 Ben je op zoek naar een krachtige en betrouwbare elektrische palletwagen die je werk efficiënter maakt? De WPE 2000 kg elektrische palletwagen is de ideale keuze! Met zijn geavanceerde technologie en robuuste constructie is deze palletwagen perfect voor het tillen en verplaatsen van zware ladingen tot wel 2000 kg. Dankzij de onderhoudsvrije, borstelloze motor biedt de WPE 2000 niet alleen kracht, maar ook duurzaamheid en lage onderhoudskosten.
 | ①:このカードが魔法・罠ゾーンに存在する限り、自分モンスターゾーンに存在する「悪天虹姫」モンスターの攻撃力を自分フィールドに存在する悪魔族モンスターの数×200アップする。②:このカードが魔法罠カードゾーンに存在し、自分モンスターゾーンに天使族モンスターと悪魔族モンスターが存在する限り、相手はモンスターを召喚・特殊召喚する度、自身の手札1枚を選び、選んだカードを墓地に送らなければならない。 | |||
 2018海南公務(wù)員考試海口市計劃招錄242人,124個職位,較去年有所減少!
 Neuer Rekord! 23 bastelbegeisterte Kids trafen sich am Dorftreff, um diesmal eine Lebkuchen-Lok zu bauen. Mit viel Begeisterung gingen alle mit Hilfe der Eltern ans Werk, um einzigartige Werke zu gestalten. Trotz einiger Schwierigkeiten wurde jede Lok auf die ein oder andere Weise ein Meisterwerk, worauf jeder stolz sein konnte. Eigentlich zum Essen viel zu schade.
==
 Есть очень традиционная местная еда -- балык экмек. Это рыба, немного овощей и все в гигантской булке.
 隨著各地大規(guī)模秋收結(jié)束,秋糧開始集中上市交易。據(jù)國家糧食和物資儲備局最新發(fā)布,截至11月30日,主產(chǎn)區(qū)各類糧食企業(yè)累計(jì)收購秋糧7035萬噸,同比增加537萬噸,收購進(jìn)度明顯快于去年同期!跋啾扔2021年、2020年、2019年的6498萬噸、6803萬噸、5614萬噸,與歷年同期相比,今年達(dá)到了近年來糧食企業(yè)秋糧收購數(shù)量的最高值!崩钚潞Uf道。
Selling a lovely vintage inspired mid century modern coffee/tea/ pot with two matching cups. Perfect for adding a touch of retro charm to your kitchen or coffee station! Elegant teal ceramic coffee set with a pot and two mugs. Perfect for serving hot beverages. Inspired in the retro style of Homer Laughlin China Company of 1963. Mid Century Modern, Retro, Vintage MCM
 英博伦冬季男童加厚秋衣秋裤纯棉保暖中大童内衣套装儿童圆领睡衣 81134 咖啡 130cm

EXERCISE REQUIREMENTS
Using the records above, set down exactly the lines from the one with "2018海南公務(wù)員考" through the one with "Neuer Rekord! 23", inclusive, and nothing more.

SOLUTION TO THIS TASK
 2018海南公務(wù)員考試海口市計劃招錄242人,124個職位,較去年有所減少!
 Neuer Rekord! 23 bastelbegeisterte Kids trafen sich am Dorftreff, um diesmal eine Lebkuchen-Lok zu bauen. Mit viel Begeisterung gingen alle mit Hilfe der Eltern ans Werk, um einzigartige Werke zu gestalten. Trotz einiger Schwierigkeiten wurde jede Lok auf die ein oder andere Weise ein Meisterwerk, worauf jeder stolz sein konnte. Eigentlich zum Essen viel zu schade.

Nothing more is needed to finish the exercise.